Like the slain that lie in the grave - When slain in battle. They are free from the perils and the toils of life; they are emancipated from its cares and dangers. Death is freedom; and it is possible to derive solace from that idea of death, as Job did Job 3:19; but the psalmist here, as remarked above, did not so admit that idea into his mind as to be comforted by it.

Whom thou rememberest no more - As if they were forgotten by thee; as if they were no longer the object of thy care. They are suffered to lie and waste away, with no care on thy part to restore them to life, or to preserve them from offensiveness and decay. So the great, the beautiful, and the good lie neglected in the grave.

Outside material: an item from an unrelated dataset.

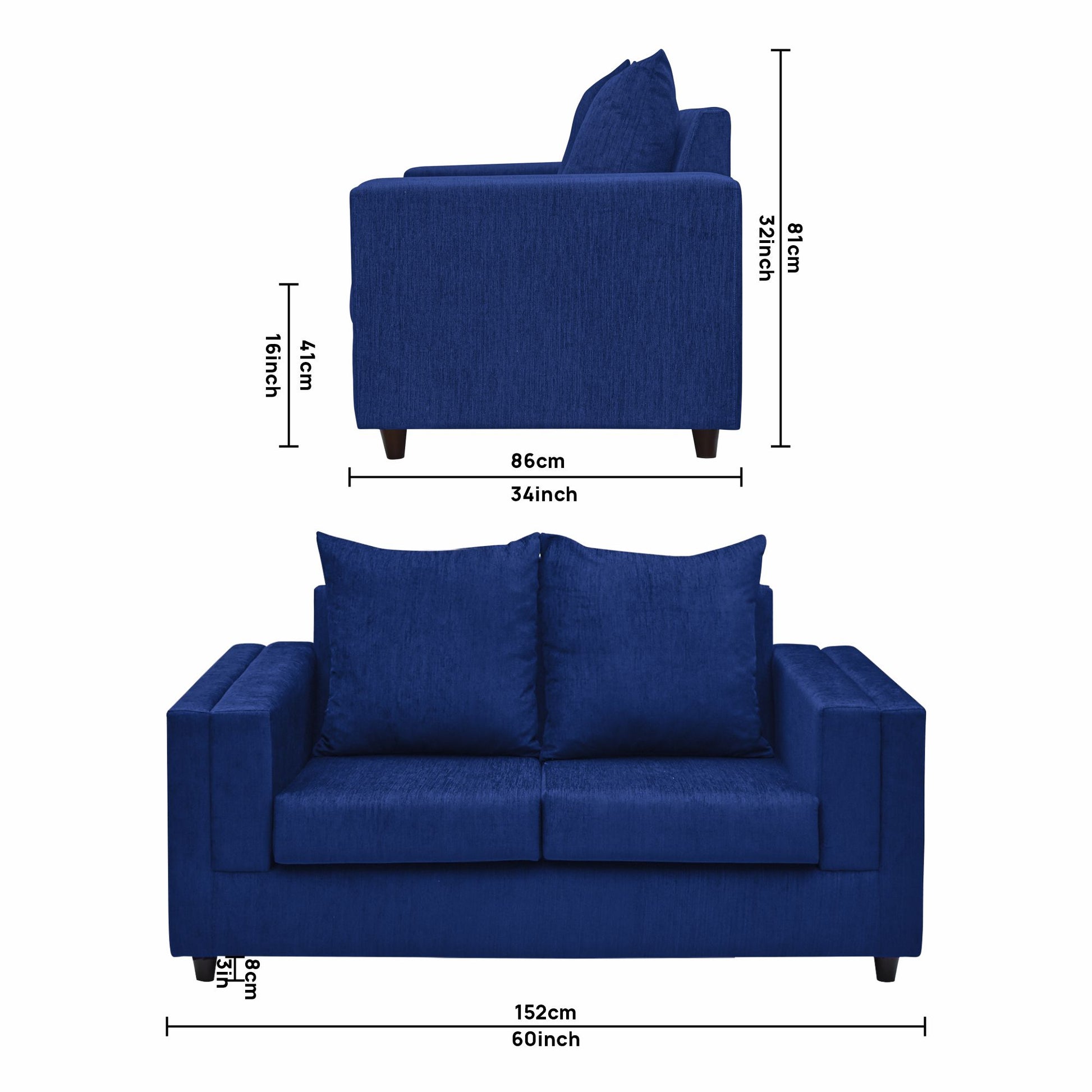 2 Seater : 152L x 86W x 81H (cms)

And they are cut off from thy hand - Margin, “by.” The Hebrew is literally “from thy hand,” but still the idea is that it was by the agency of God. They had been cut down, and were forgotten - as if God regarded them no more. So we shall all moulder in the grave - in that deep, dark, cold, silent, repulsive abode, as if even God had forgotten us.

Matthew Henry
Concise Bible Commentary
The first words of the psalmist are the only words of comfort and support in this psalm. Thus greatly may good men be afflicted, and such dismal thoughts may they have about their afflictions, and such dark conclusion may they make about their end, through the power of melancholy and the weakness of faith. He complained most of God's displeasure. Even the children of God's love may sometimes think themselves children of wrath and no outward trouble can be so hard upon them as that. Probably the psalmist described his own case, yet he leads to Christ. Thus are we called to look unto Jesus, wounded and bruised for our iniquities. But the wrath of God poured the greatest bitterness into his cup. This weighed him down into darkness and the deep.